No non-incumbent Republican presidential contender has ever won both Iowa and New Hampshire. As a matter of fact, in the annals of contemporary presidential campaign history, the two individuals who have emerged victorious from both the Iowa caucuses and the New Hampshire primaries are Democrats Al Gore and John Kerry, who subsequently became their respective party’s nominees.

One statistic from the recent CNN/UNH survey sticks out as being especially instructive about this contest: when prospective GOP primary voters were questioned about the candidates’ overall favorability ratings, Trump’s rating was significantly higher than that of his rivals.

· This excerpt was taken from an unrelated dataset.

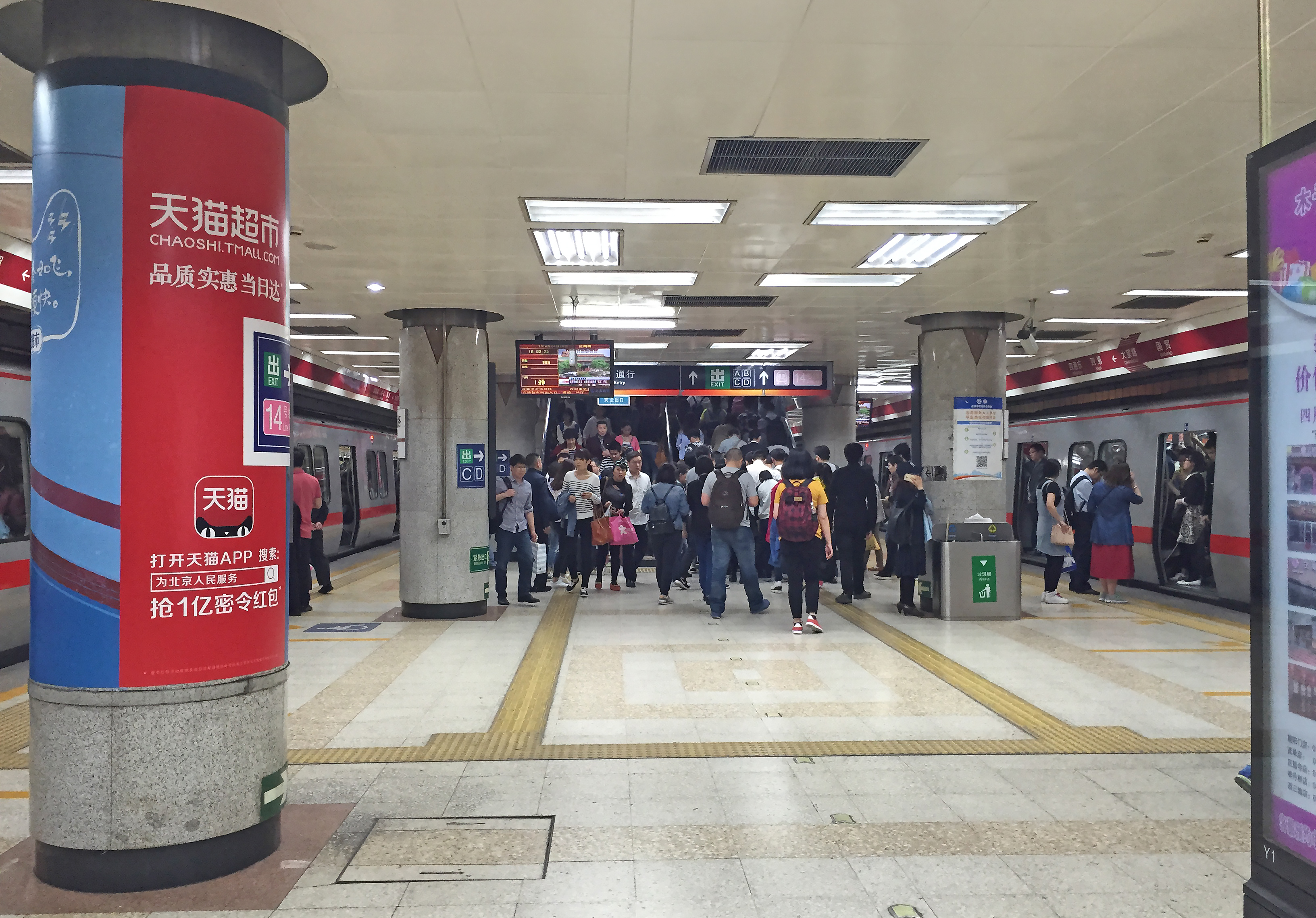 Two DKZ4s at the same station.

Trump scores a 56% favorable rating from likely Republican primary voters, compared with a 36% unfavorable rating. That is a net positive 20 points favorable advantage for the former president.

Haley and DeSantis are both underwater. More GOP primary voters have an unfavorable view of them than have a favorable view of them.

The relentless hammering on DeSantis by Trump and his allies for the better part of the last year and their more recent attacks on Haley have had their intended effect — more negative ratings for Trump’s two foremost rivals.

But the strategic decision by DeSantis and Haley to sharpen their criticisms of Trump only at the very end of these contests is also on display here.

The ever-present concern that attacking Trump directly would push away some of the very voters Haley and DeSantis spent much of 2023 trying to attract has left Trump’s popularity with Republicans largely unscathed, if not improved.

Perhaps there was no way for any candidate to truly chip away at Trump’s incredible bond with the majority of Republican voters, but it is also clear that not having attempted to do that for the entire year before the voting began leaves these non-Trump candidates with very limited options for a path forward.